REQUIREMENT:
Show every line of the material that follows in which the word "pour" occurs.

RECORDED INFORMATION:
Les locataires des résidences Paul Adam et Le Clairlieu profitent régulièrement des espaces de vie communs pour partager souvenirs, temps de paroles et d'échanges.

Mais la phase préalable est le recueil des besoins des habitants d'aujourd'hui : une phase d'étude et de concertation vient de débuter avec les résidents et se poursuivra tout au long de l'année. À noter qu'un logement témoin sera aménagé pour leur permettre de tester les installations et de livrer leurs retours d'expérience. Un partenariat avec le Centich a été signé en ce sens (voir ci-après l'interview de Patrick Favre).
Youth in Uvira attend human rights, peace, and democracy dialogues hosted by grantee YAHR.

* * *

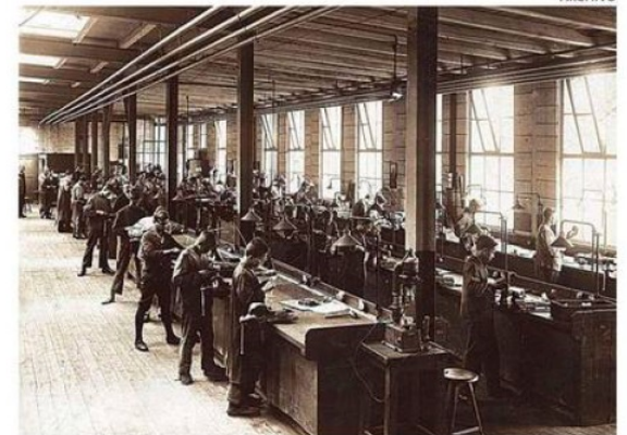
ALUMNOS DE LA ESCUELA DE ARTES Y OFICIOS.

YOUR SOLUTION:
Les locataires des résidences Paul Adam et Le Clairlieu profitent régulièrement des espaces de vie communs pour partager souvenirs, temps de paroles et d'échanges.
Mais la phase préalable est le recueil des besoins des habitants d'aujourd'hui : une phase d'étude et de concertation vient de débuter avec les résidents et se poursuivra tout au long de l'année. À noter qu'un logement témoin sera aménagé pour leur permettre de tester les installations et de livrer leurs retours d'expérience. Un partenariat avec le Centich a été signé en ce sens (voir ci-après l'interview de Patrick Favre).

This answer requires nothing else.